If you would rather import the cell type assignments into an existing .cloupe file, you can save barcode and cell type assignment information as a CSV that can be imported into Loupe:
write.csv(CellTypes_Azimuth, "/path/to/working/directory/CellTypes_Azimuth.csv", row.names = FALSE)
The limitation of this approach is that you will not get all levels of annotation generated by Azimuth, only the ones you export one-by-one and add manually into Loupe.
Opening your saved converted.cloupe file, you will first see the custom “CellTypes” annotations we generationed in Step 4 within “LoupeR Analysis groups”:
Below, we can see metadata that we added back in, “DiseaseState”, along with some groups that are automatically generated by Seurat, “active_cluster” and “orig.ident”.

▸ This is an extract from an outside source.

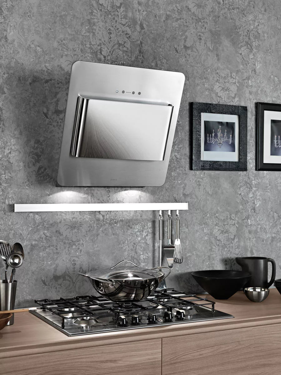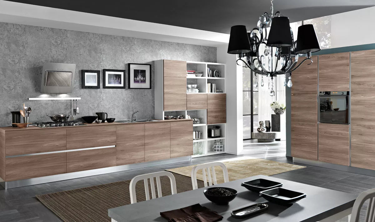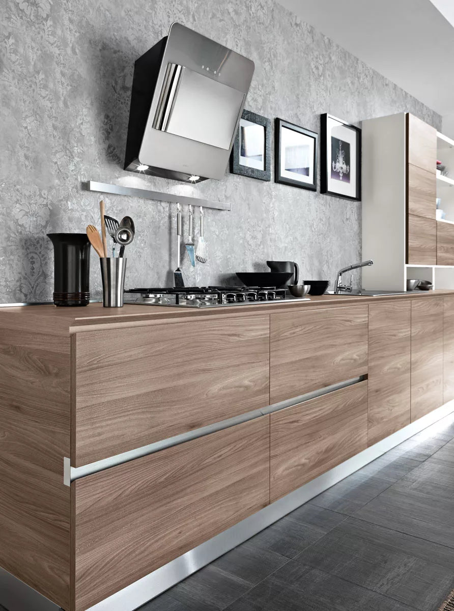 a versione Tokyo 36 è caratterizzata da un tratto minimale e pulito, reso elegante dalle maniglie in acciaio e accogliente dall’utilizzo del color Olmo Cappuccino. L’ampio spazio di appoggio si presta bene come base per semplici o elaborate lavorazioni. La cappa soprastante fissata alla parete dà un toco di attualità a questa cucina moderna, creando un effetto quasi futuristico. Gli ampi cassettoni e gli spazi che ne dividono l’omogeneità e conferiscono un perfetto connubio tra eleganza e praticità

There are six levels of annotation, ranging from level 1 (the lowest resolution containing four cell types) to the finest level (containing 51 cell types):
We can use the split view function in Loupe Browser to explore how the level 1 annotations relate to a finer level of annotation, level 3:
Here we can see the AT1 and AT2 (two major lung epithelial cell types), basal cells, multiciliated, secretory, rare, and submucosal secretory all primarily fall within the “Epithelial” assignment of level 1. Similarly, B cells, dendritic cells, innate lymphoid cells, macrophages, mast cells, monocytes, and T cell lineage cells all fall within the “Immune” cell type assignment of level 1. These results make sense biologically.
Note that there is a category called “None” in the level 3 annotation. These are cells that could not be given a confident assignment (probability score greater than 0.75) for one of the cell type categories in level 3. Using the finest level of annotation, we can see that cells in this category are mainly smooth muscle and mesothelial cells.
To visualize how cells in the “Rare” cell type group of the level 3 annotation were re-assigned in step 4, we can split those cells by the finest level.
Doing this, we can see that the “Rare” cell type was mainly made up of ionocytes and tuft cells, with some DC2 cells, neuroendocrine, and smooth muscle cells. Level 3 did not have the resolution to capture these cell types, but we were able to take advantage of the multiple levels of annotation provided by Azimuth to uncover those rarer cell types.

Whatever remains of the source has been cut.